**TASK DESCRIPTION:**
Of all the lines below, return only those starting with the line holding "La figlia di" and going on through the line holding "자! 이제 Em 코드가 완성되었습니다.", exactly as written.

**DATA FOR ANALYSIS:**
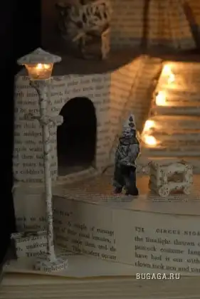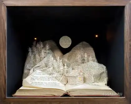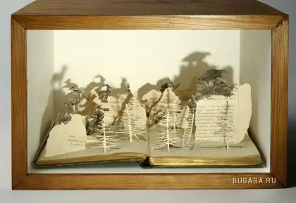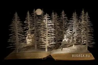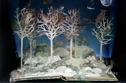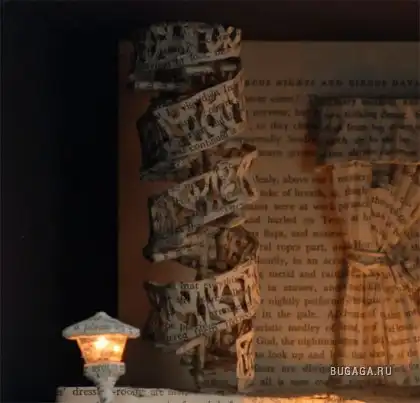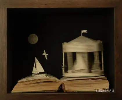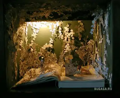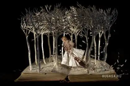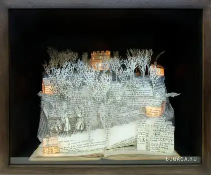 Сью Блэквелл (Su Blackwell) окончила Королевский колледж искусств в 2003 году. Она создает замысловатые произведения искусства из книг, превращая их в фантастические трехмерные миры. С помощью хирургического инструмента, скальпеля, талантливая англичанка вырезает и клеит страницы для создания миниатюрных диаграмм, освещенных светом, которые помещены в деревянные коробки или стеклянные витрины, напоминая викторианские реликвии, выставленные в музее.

* * *

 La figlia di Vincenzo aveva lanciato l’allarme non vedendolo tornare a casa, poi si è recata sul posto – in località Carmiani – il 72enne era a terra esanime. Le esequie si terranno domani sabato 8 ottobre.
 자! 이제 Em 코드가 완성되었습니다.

**WRITTEN REPLY:**
 La figlia di Vincenzo aveva lanciato l’allarme non vedendolo tornare a casa, poi si è recata sul posto – in località Carmiani – il 72enne era a terra esanime. Le esequie si terranno domani sabato 8 ottobre.
 자! 이제 Em 코드가 완성되었습니다.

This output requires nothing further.